EXERCISE BRIEF:
Below is a block of records; return all of them exactly, but without the images.

----- DATASET RECORDS -----

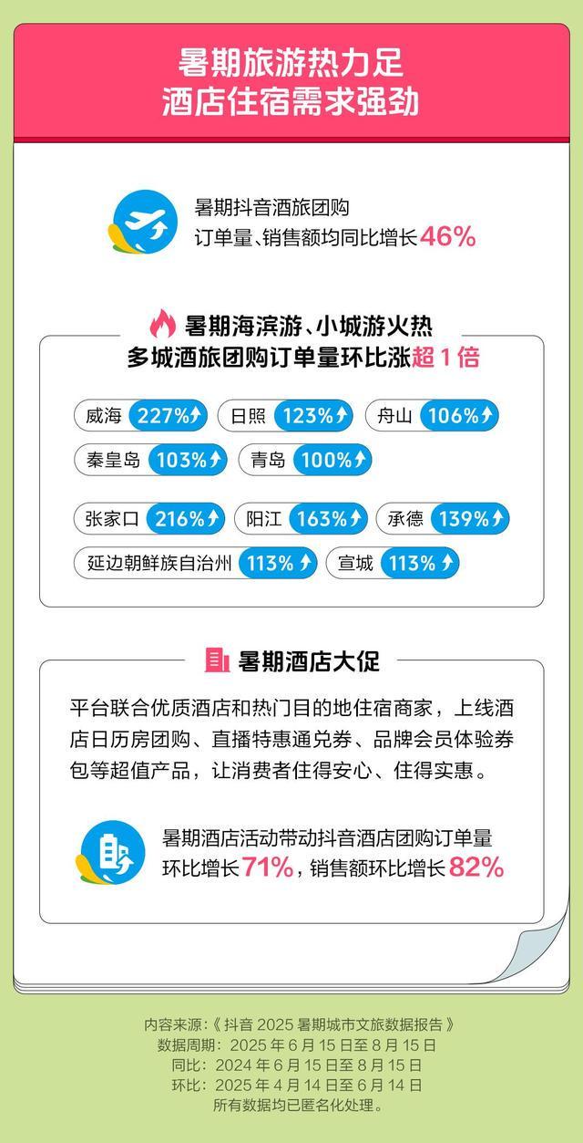 这个暑期,文旅关键词有苏超、研学游、非遗游、避暑、亲子游等。为方便用户出行,抖音生活服务联合优质酒店和热门目的地住宿商家,上线酒店日历房团购、直播特惠通兑券、品牌会员体验券包等超值产品,让消费者住得安心、住得实惠。这个夏天,抖音酒店团购订单量环比增长71%,销售额环比增长82%。
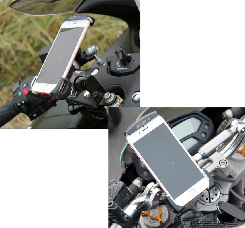 アルミスマートフォンホルダー 本体ブラック/クランプ部シルバー(iPhone5/6/6 Plus対応) SSK SPEEDRA(スピードラ)
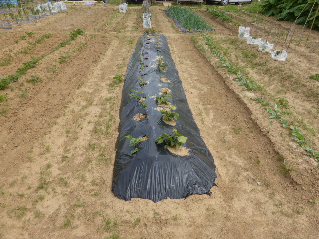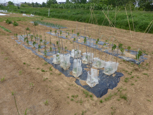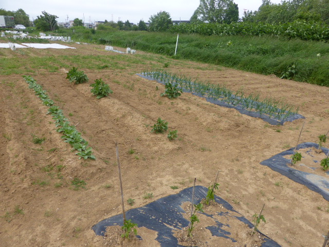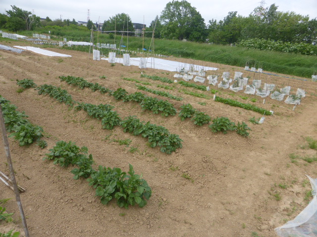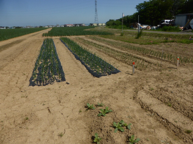 5月の連休から月末まで雨と低温が続き苗物の生育よくありませんが、玉葱・ジャガイモはそれなりに育っております。作付は昨年とほとんど同じですが、L忠海 健三が薩摩芋に挑戦、ネズミの食害に遭わなければ豊作期待できそうです。現在トウモロコシ定植終わり枝豆の芽出し中です。6月4日の強風(最大瞬間風速24.8m)でビニール温室が約100m空中遊泳し富樫農園端の水タンクに着地、ハウス全壊です。他人の畑作物・車などに被害無かったのがせめてもの救いです。曲がった部材を治しながら如何にか組み立ております。
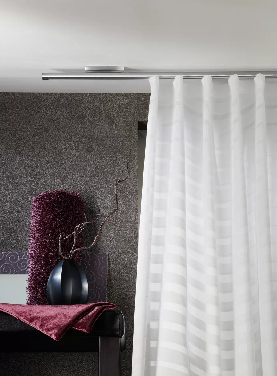- Metall Flexible Gesimse - haben die Form von Aluminiumprofilen mit Rollen, die die Vorhänge halten.Dieses Profil kann ohne Verwendung spezieller Werkzeuge gebogen werden;
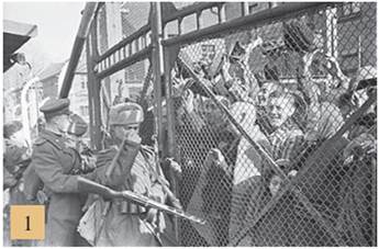 1. Радянські солдати відчиняють браму одного з таборів Аушвіцу. Січень 1945 р.
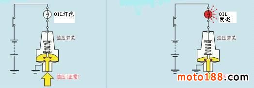 在VFR系列的儀表上有一個OIL燈,這個燈在鑰匙打開時發亮,發動機啟動后熄滅(雅馬哈的某些車型如FZR250的潤滑系統使用的是重力開關,打開點火開關OIL燈不亮,啟動按鈕按下才發亮,曲軸箱內機油偏少才發亮,它們的控制方式不同)。圖4是雅馬哈FZR250RR的機油重力開關。
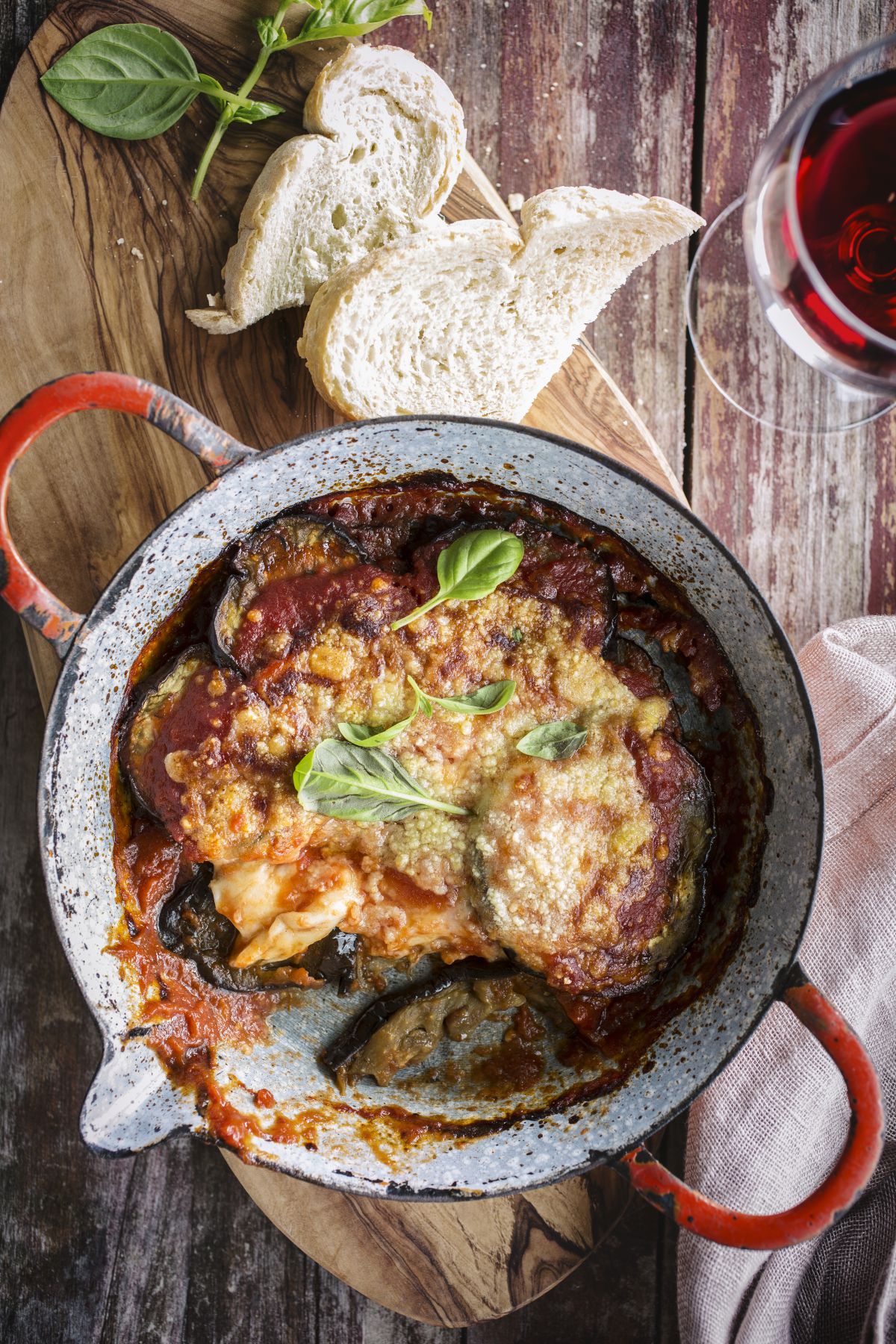Add another layer of eggplants, provolone, and the rest of the tomato sauce in the dishes.
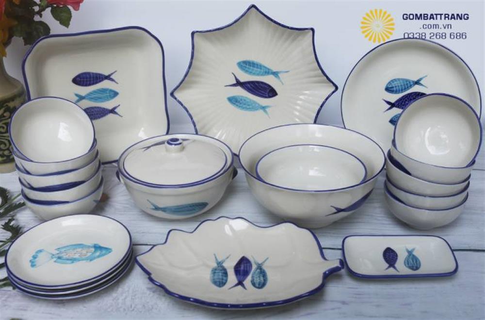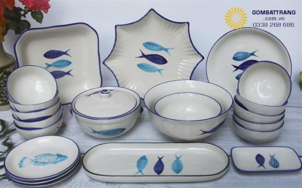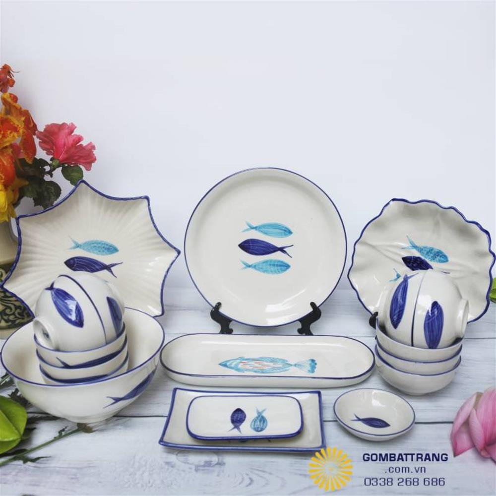 Bộ chén dĩa gốm Bát Tràng đầy đủ chi tiết, men trắng ngà viền xanh lam, họa tiết cá xanh sang trọng

-----

TASK ANSWER:
 这个暑期,文旅关键词有苏超、研学游、非遗游、避暑、亲子游等。为方便用户出行,抖音生活服务联合优质酒店和热门目的地住宿商家,上线酒店日历房团购、直播特惠通兑券、品牌会员体验券包等超值产品,让消费者住得安心、住得实惠。这个夏天,抖音酒店团购订单量环比增长71%,销售额环比增长82%。
 アルミスマートフォンホルダー 本体ブラック/クランプ部シルバー(iPhone5/6/6 Plus対応) SSK SPEEDRA(スピードラ)
 5月の連休から月末まで雨と低温が続き苗物の生育よくありませんが、玉葱・ジャガイモはそれなりに育っております。作付は昨年とほとんど同じですが、L忠海 健三が薩摩芋に挑戦、ネズミの食害に遭わなければ豊作期待できそうです。現在トウモロコシ定植終わり枝豆の芽出し中です。6月4日の強風(最大瞬間風速24.8m)でビニール温室が約100m空中遊泳し富樫農園端の水タンクに着地、ハウス全壊です。他人の畑作物・車などに被害無かったのがせめてもの救いです。曲がった部材を治しながら如何にか組み立ております。
- Metall Flexible Gesimse - haben die Form von Aluminiumprofilen mit Rollen, die die Vorhänge halten.Dieses Profil kann ohne Verwendung spezieller Werkzeuge gebogen werden;
 1. Радянські солдати відчиняють браму одного з таборів Аушвіцу. Січень 1945 р.
 在VFR系列的儀表上有一個OIL燈,這個燈在鑰匙打開時發亮,發動機啟動后熄滅(雅馬哈的某些車型如FZR250的潤滑系統使用的是重力開關,打開點火開關OIL燈不亮,啟動按鈕按下才發亮,曲軸箱內機油偏少才發亮,它們的控制方式不同)。圖4是雅馬哈FZR250RR的機油重力開關。
Add another layer of eggplants, provolone, and the rest of the tomato sauce in the dishes.
 Bộ chén dĩa gốm Bát Tràng đầy đủ chi tiết, men trắng ngà viền xanh lam, họa tiết cá xanh sang trọng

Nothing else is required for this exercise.